お箸の食事文化

世界の食事方法を大きく分けると、手を使って食事をする「手食」、箸を主に使って食事をする「箸食」、ナイフ、フォーク、スプーンを使って食事する「ナイフ・フォーク・スプーン食」の3つがあります。比率としては全人類の約30%が箸食、ナイフ食は約30%、手食が約40%と言われています。
このように食事方法が分かれているのは、いくつか理由がありますが、一番大きな理由は主となる食べ物だと考えられています。粘りのある米が収穫される東アジアなどは「箸食」圏、パサパサした米が収穫される東南アジア、中近東、アフリカなどや、ヒンズー教やイスラム教などは「手食」圏となるようです。
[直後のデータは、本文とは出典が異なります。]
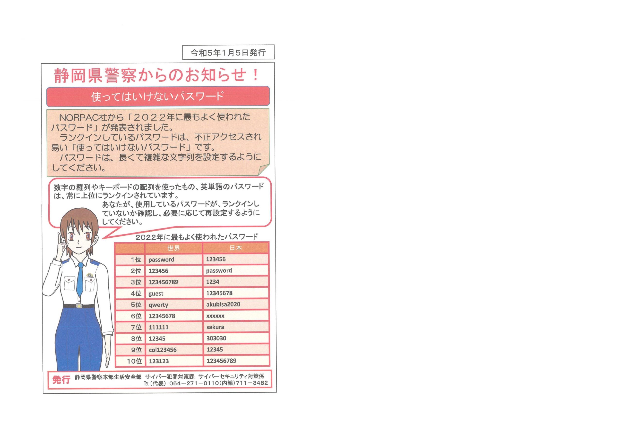 2023年1月10日 お知らせからのお知らせ 【お知らせ】情報セキュリティチラシ(使ってはいけないパスワード)について 標記の件について、静岡県サイバー犯罪対策課より周知依頼がありましたのでお知らせします。

そして、肉類、パン等を主食とする欧米などでは肉類は「ナイフ・フォーク」で、パンは「手食」となっているようです。

日本のお箸の特徴。

日本へのお箸の伝来は、空海が仏教とともに伝えたと言われる説と聖徳太子が派遣した遣隋使により中国の食文化とともに箸食文化が日本に伝えられたとされる説などがありますが、8世紀頃には一般の人々の間にもお箸の文化が根付き使用されるようになりました。
私たち日本人と同様に、中国や韓国などアジアでもお箸が使われますが、先が細いお箸は日本独特のものだと思います。
この箸先が細いお箸は、「きりわける」「つまむ」「はさむ」「すくいいあげる」「まきつける」「ほぐす」などなど、指さばきによって様々な使い方ができる点が特徴です。
海に囲まれた日本では古くから魚が主要な食料であり、先が細くとがっているお箸の方が骨のある魚も食べやすいことなどが、日本の箸先が細い理由だと思います。
また箸先の形状や材質違いの他にも、日本ではお箸はお父さん用、お母さん用、子供用と個人用のお箸を持っていますが、中国も韓国もお箸は家族共用で、男女の違い、大人用、子供用の違いもないのが、日本と他の箸食圏との大きな違いです。
日本でお箸が「大切な道具」とされてきたのは古来にお箸は五穀豊穣と子孫繁栄の祈りを込めて「神様と人間が共食する神聖な道具」として取扱われていたからだと言われています。
自分専用の木製や漆塗りの優雅なお箸を持ち、スプーンなどを使わずお箸だけでご飯や汁物などを食べるのは私たち日本人だけです。だからこそお箸にはもっとこだわっていただきたいと思います。